Bone marrow stem cells are non-endodermal cells with no immediate relationship to putative pancreatic stem cells that are resident in tissues of endodermal origin or developmental neuro-endocrine stem cells derived from the endoderm. Alternatively, stem cells in bone marrow may be derived from sites of endodermal origin. Regardless of their germ layer of origin, these cells represent multi-potent cells mediated by circulating signals, and can be recruited to neuro-endocrine compartments of the pancreas. Once homing of these cells to pancreatic islets has occurred, local cell-cell interaction as well as paracrine factors may initiate differentiation.
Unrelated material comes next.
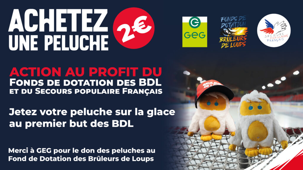 Pour l’occasion, notre partenaire GEG fait un don de 1 500 peluches au club des Brûleurs de Loups ! Ces peluches seront disponibles à la vente à la patinoire Polesud le jour du match, au prix de 2 €. Le montant total récolté sera ensuite reversé au Fonds de dotation des Brûleurs de Loups, afin de financer des projets associatifs.

There was an argument[31] that Islet-like cells differentiated from ESC were falsely insulin positive from insulin-uptake. These insulin-positive cells which do not transcript insulin mRNA, are TUNEL +. Bone marrow cells could also fuse with other cells and adopt the phenotypes of these cells[32,33]. However, cell differentiation in our report was not the case. Islet cells expressed insulin at both mRNA and protein levels, the excreting insulin level was far more higher than that in culture media and that of pre-differentiated cells. Further more, these MSCs-derived cells could down-regulate glucose level in diabetic rats.

In conclusion, MSCs can differentiate into functional pancreatic islet-like cells in vitro. If human MSCs, especially MSCs from diabetes patients themselves can be isolated, proliferated, differentiated into functional pancreatic islet-like cells, and transplanted back into their donors (autologous transplantation), their high proliferation potency and rejection avoidance will provide one promising therapy for diabetes.